Business

Can Keir Starmer defend his left flank?

By George Eaton

Copyright newstatesman

Can Keir Starmer defend his left flank?

Keir Starmer knows the power of a wedge issue. When he was in Jeremy Corbyn’s shadow cabinet in 2018 he used Brexit to put himself between the then Labour leader and his supporters. “Nobody is ruling out Remain as an option,” he declared from the party conference platform in an ad-libbed remark that drew a standing ovation and enraged Corbyn’s team.

Now, before Labour assembles in Liverpool for conference this Sunday, Starmer is seeking to ensure he does not suffer the same fate. As he announced the UK’s decision to recognise Palestinian statehood, the Prime Minister spoke of a “moral responsibility to act” to keep the “hope of long-term peace alive”. But this was also a decision driven by politics. More than a third of the cabinet, including David Lammy, Yvette Cooper (now Foreign Secretary), Shabana Mahmood and Ed Miliband, privately pushed for recognition and over 130 Labour MPs signed a letter to Starmer demanding the same.

Recognition alone won’t satisfy the PM’s critics: expect Starmer to be challenged on whether he believes that what is unfolding in Gaza represents a genocide (the position now taken by Sadiq Khan and Ed Davey). But the decision represents a further toughening of the UK’s stance – ministers also point to the suspension of around 30 arms licences, the imposition of sanctions on two Israeli cabinet members, and the abandonment of trade talks with Israel.

It isn’t only on the totemic issue of the Middle East that Starmer has acted. Last week, the long-promised Hillsborough law was introduced to parliament, meaning that public officials who cover up state-related disasters will face up to two years in prison. For Starmer, who greeted four Hillsborough family members outside No 10, this is a highly personal cause: an example of what he means by putting government “on the side of working people”.

But again, politics is in the mix. In July Andy Burnham warned that parts of Whitehall were “fighting hard to preserve the status quo” after an initial deadline for the bill of 15 April was missed. Had Starmer failed to deliver by the time Labour reached Liverpool – the city where the Sun is still boycotted over the Hillsborough disaster – outrage from Burnham and others would have ensued.

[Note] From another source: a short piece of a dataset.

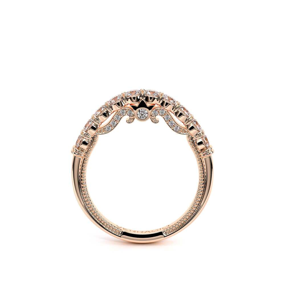 INSIGNIA-7100W diamond wedding ring from the Insignia Collection, featuring a shared-prong set band with round brilliant-cut diamonds. Distinguished by handcrafted diamond Insignia scrollwork amid Verragio's signature beading and crest.

Then there’s the Employment Rights Bill. There was much talk of that being diluted after a reshuffle in which Peter Kyle took on the business brief while union allies such as Justin Madders were discarded. But Starmer has privately reassured MPs of his commitment to a bill that he believes is “good for workers, good for businesses and good for the economy” (with the government duly voting down House of Lords amendments). Once again, a potential conference flashpoint – this time with union general secretaries – has been averted.

Tensions endure: a motion submitted by Mainstream, the new soft-left group, backing the abolition of the two-child benefit cap has been barred from debate. But even here, the government is giving ground. At the weekend, Bridget Phillipson, Starmer’s preferred candidate for Labour’s deputy leadership race, declared that the policy was “spiteful”, adding that its abolition was “on the table”.

There’s a clear pattern here: a Prime Minister who often found himself on the wrong side of his party in his first year – over winter fuel payments, welfare cuts and his “Island of strangers” speech (eventually U-turning on all three) – is determined not to do so again. As rivals circle, Starmer is prepared to show Labour a little more love.